F! continúa con una serie de apreciaciones que hacen que las involuntarias víctimas especulen, mascullen incoherencias ininteligibles o terminen con citas a
Matrix para volver sobre el tema.
–En definitiva, el problema de la existencia de Dios ¿es una cuestión de qué? –interroga F! a la clase.
Varios responden a coro:
–De fe.
–Bien. Para el que tiene fe, problema solucionado.
–¿Y para el que no tiene? –pregunta T.
–Me parece que el acto de creer es una cuestión que pasa más por lo emotivo, lo afectivo. Hay personas –fundamenta F!– a las que le podés ir con elaboradísimas formas de demostrar racionalmente que Dios existe... y nada. Y si les pasa algo significativo, algo profundo, cambian radicalmente su actitud. Para esas personas, me parece que termina haciendo más una sola Teresa de Calcuta que un ejército de Tomases de Aquino.
T observa algo inquieta pero menos preocupada y la clase, inexplicablemente, se mantiene en orden mientras F! agrega:
–Entonces hay que sincerarse y no encerrar al hombre sólo en la esfera de su racionalidad. El hombre es también afectividad. Es cuestión de dejar que el que se lo propone, quiere o se anime, en asuntos de fe, pueda dar el salto que eso, creer, supone.

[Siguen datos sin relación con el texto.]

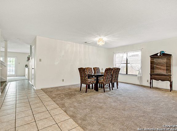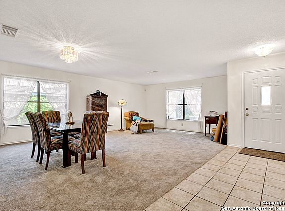 This open floor plan with two huge living areas is a must see! This home is perfect for large family gatherings and parties with its very large dining room and common areas. Eat in kitchen has ample counter and cabinet space with walk in pantry and laundry room. Giant master suite and master bath with large walk in closet. Two sets of French doors leads to the backyard complete with covered patio, hot tub, shed, mature shade trees, beautiful plants and shrubs. High fences with no neighbors behind provides plenty of privacy! New flooring in all bathrooms and new carpet in living areas. Recent new roof and A/C. Convenient location provides an easy commute to Randolph AFB, Fort Sam Houston, San Antonio International Airport, restaurants and shopping. Open House this Saturday and Sunday September 12th & 13th from 3:00-6:00 on both days. Come by and take a look.

Y entonces, otra alumna, C, desde el centro mismo del aula, arroja la inevitable, inexorable, irrevocable pregunta contra un F! desprevenido, con la guardia depuesta a causa de la extensa actividad argumentativa desplegada:
–Y, usted ¿cree en Dios?
El costo de conducir a los pequeñuelos por tamaños berenjenales nunca es bajo.